## What this task involves
In the records below, the lines between the one holding "WIFI網(wǎng)絡(l" and the one holding "總臺央視記者 吳天白:在20", inclusive, are to be transcribed exactly; no pictures are to be included.

Data to use Start Marker

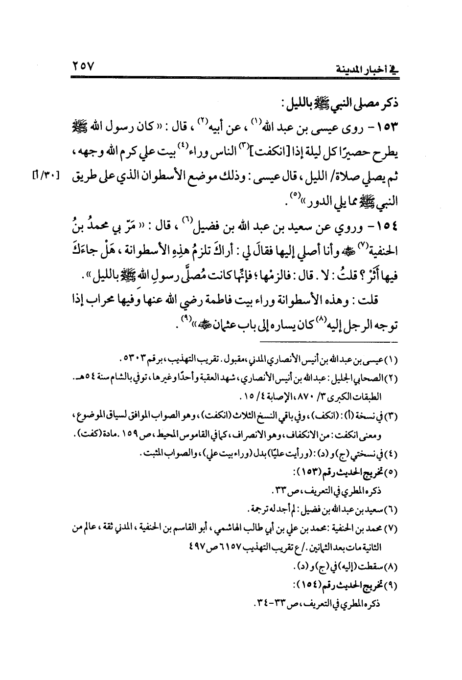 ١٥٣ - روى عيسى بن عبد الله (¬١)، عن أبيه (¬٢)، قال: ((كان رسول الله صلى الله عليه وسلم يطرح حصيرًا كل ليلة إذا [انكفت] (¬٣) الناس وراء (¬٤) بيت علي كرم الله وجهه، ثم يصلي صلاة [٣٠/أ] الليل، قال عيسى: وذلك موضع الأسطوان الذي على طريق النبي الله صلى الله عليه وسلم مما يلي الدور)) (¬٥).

Data to use End Marker
Data to use Start Marker

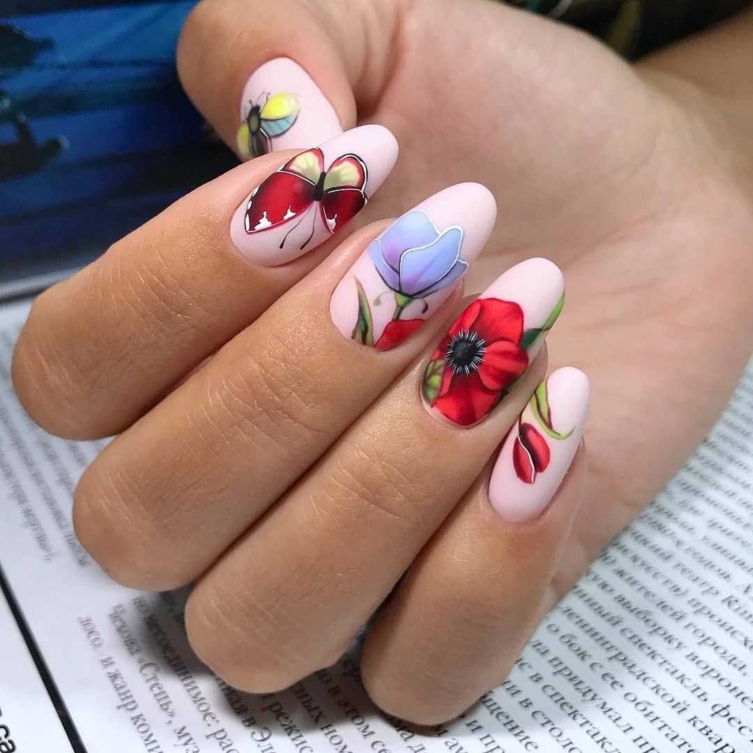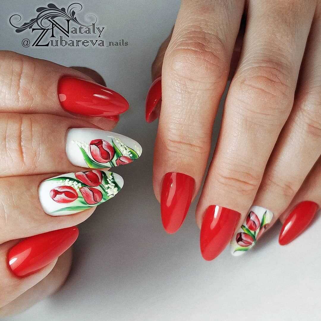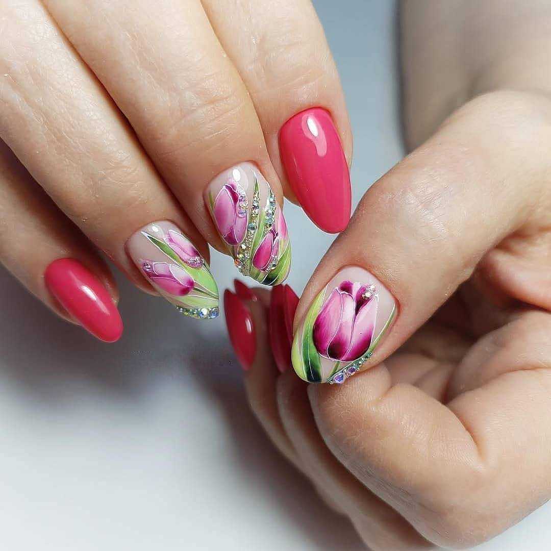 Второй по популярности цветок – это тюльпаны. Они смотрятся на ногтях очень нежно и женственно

Data to use End Marker
Data to use Start Marker

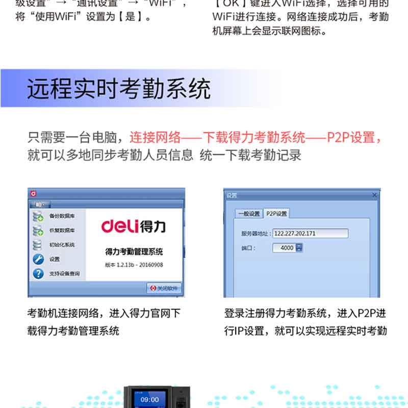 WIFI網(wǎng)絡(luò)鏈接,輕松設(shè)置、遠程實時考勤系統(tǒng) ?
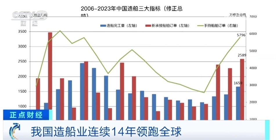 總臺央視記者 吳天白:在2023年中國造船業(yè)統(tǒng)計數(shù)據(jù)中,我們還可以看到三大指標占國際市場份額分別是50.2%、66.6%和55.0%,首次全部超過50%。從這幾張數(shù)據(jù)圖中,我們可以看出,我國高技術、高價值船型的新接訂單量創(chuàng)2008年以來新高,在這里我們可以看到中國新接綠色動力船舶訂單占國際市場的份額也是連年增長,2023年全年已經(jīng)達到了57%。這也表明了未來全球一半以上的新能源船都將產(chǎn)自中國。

Data to use End Marker

## Exercise answer
 WIFI網(wǎng)絡(luò)鏈接,輕松設(shè)置、遠程實時考勤系統(tǒng) ?
 總臺央視記者 吳天白:在2023年中國造船業(yè)統(tǒng)計數(shù)據(jù)中,我們還可以看到三大指標占國際市場份額分別是50.2%、66.6%和55.0%,首次全部超過50%。從這幾張數(shù)據(jù)圖中,我們可以看出,我國高技術、高價值船型的新接訂單量創(chuàng)2008年以來新高,在這里我們可以看到中國新接綠色動力船舶訂單占國際市場的份額也是連年增長,2023年全年已經(jīng)達到了57%。這也表明了未來全球一半以上的新能源船都將產(chǎn)自中國。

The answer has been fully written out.